Using the data below, transcribe exactly everything from the line that contains "8454富邦媒2014/09/09周線圖最高價242最低價3.43,顯示如下圖" down to the line that contains "EASY STORAGE - This". Include both of those lines and none of the pictures.

Records for the task:
──────────────────────────────
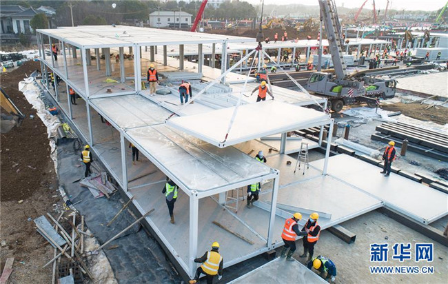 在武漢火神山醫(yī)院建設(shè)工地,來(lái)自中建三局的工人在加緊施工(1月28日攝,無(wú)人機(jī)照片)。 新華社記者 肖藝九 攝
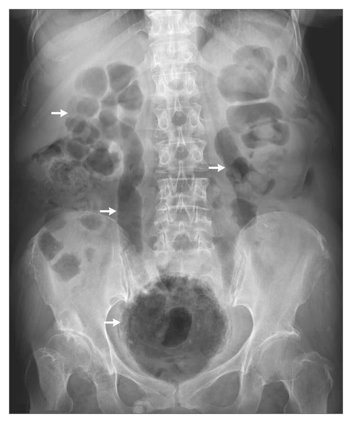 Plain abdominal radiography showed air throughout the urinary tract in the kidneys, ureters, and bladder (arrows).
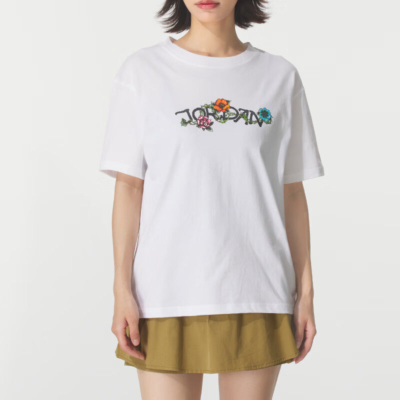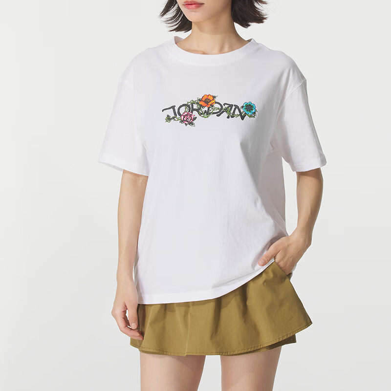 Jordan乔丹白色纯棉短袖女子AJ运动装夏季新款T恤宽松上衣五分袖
──────────────────────────────
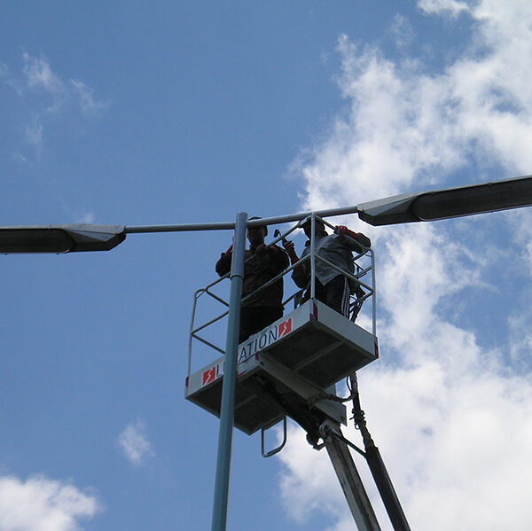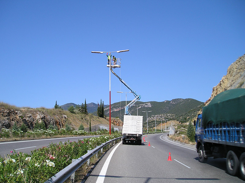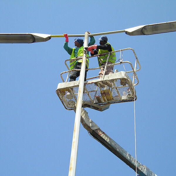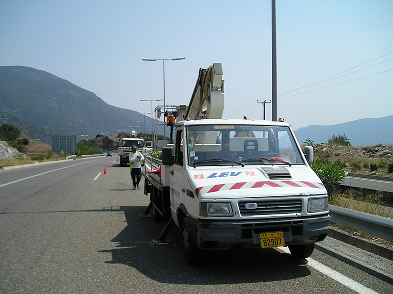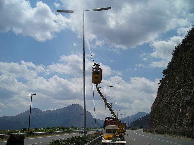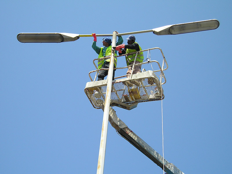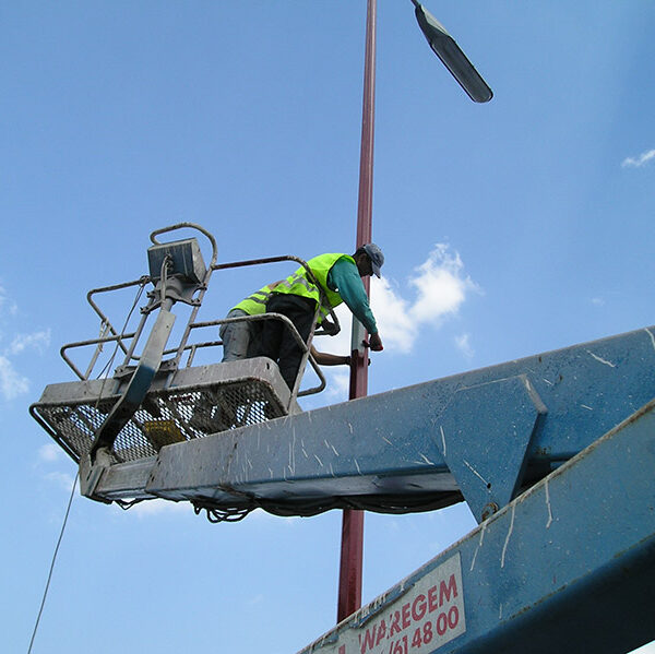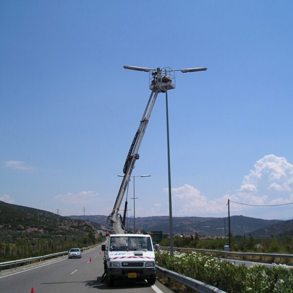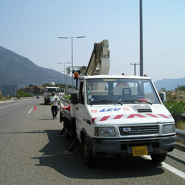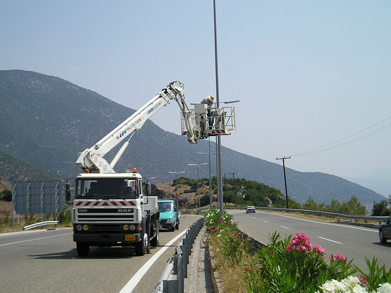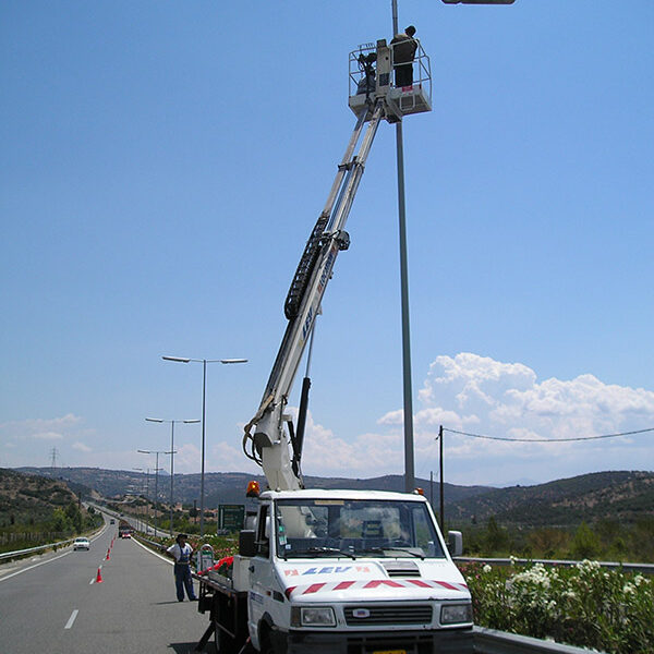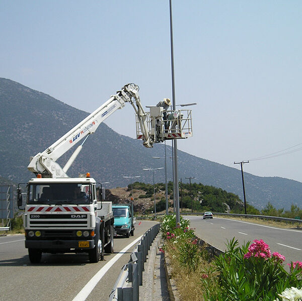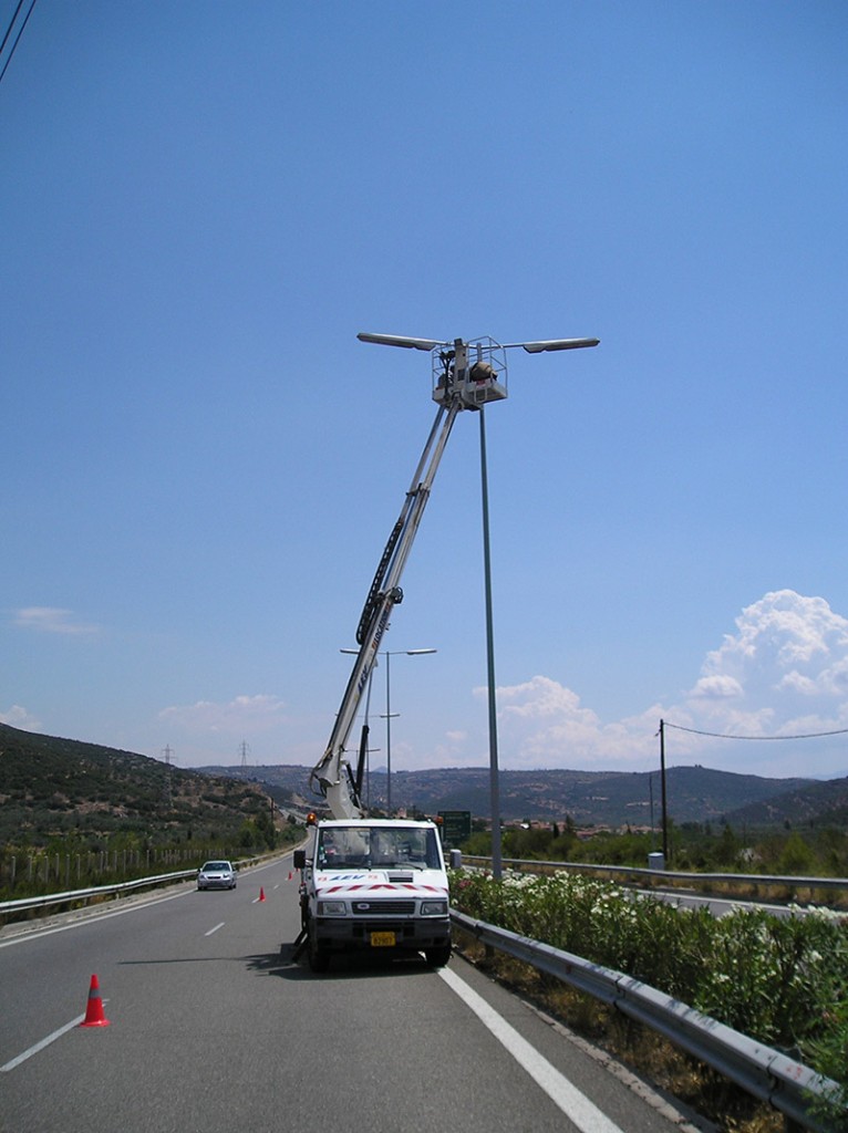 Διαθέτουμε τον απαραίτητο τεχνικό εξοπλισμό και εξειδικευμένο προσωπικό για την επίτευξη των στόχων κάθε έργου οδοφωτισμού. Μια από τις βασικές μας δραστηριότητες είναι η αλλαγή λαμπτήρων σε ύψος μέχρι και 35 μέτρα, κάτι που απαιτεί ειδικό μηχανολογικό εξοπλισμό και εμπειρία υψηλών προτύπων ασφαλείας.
──────────────────────────────
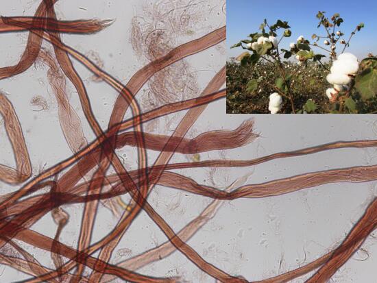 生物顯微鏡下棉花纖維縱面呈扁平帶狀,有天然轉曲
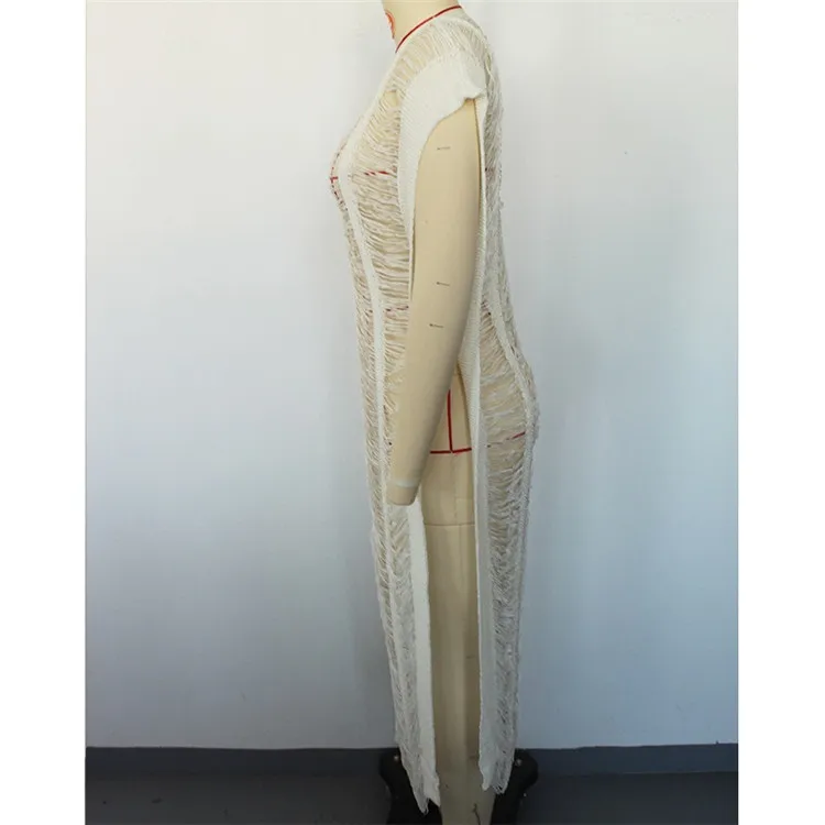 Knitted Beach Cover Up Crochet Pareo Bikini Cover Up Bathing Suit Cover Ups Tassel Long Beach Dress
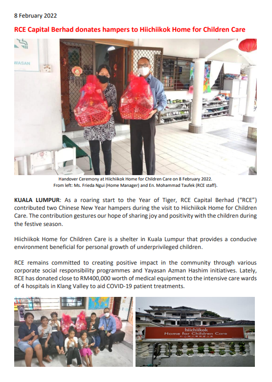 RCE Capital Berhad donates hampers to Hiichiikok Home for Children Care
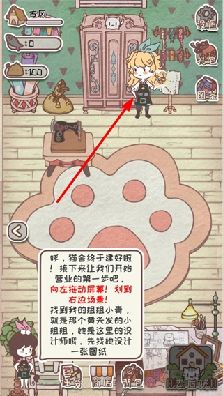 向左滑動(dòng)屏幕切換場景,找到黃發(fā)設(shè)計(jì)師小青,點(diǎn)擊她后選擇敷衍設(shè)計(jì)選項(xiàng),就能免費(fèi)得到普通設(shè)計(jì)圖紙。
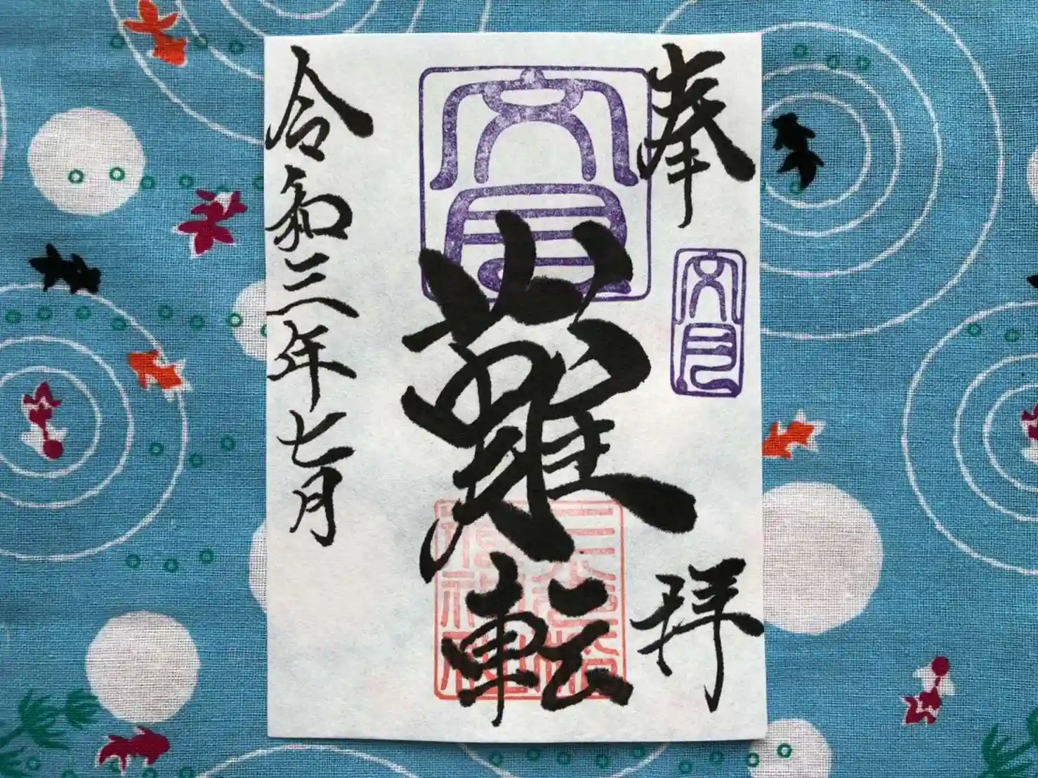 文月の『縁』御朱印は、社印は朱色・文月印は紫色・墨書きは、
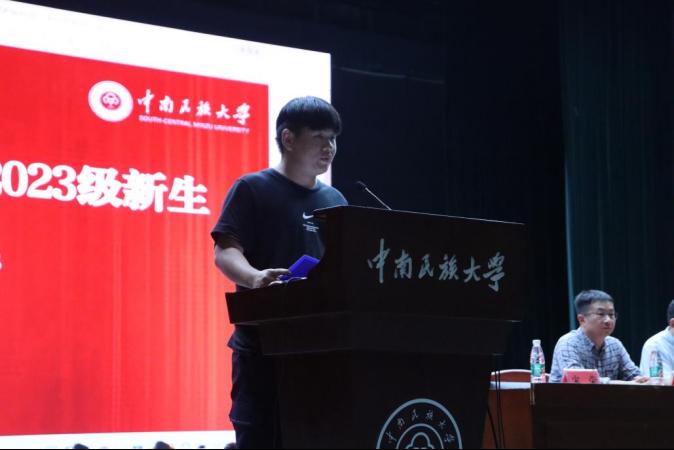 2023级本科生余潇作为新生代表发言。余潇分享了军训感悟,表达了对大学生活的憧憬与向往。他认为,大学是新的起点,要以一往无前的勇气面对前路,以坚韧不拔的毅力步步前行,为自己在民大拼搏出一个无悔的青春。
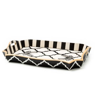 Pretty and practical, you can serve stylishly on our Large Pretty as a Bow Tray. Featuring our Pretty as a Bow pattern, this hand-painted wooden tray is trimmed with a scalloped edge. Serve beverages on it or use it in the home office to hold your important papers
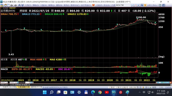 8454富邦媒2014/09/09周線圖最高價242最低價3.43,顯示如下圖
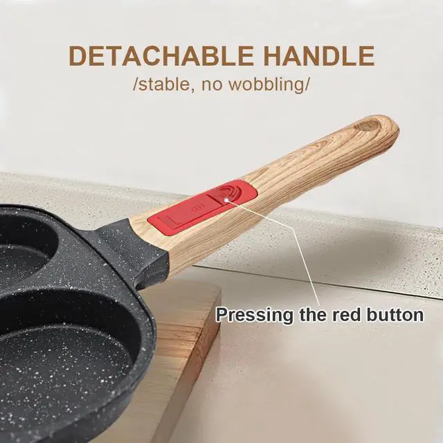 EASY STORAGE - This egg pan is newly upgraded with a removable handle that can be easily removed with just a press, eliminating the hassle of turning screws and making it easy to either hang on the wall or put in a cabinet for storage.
──────────────────────────────
Expected output:
 8454富邦媒2014/09/09周線圖最高價242最低價3.43,顯示如下圖
 EASY STORAGE - This egg pan is newly upgraded with a removable handle that can be easily removed with just a press, eliminating the hassle of turning screws and making it easy to either hang on the wall or put in a cabinet for storage.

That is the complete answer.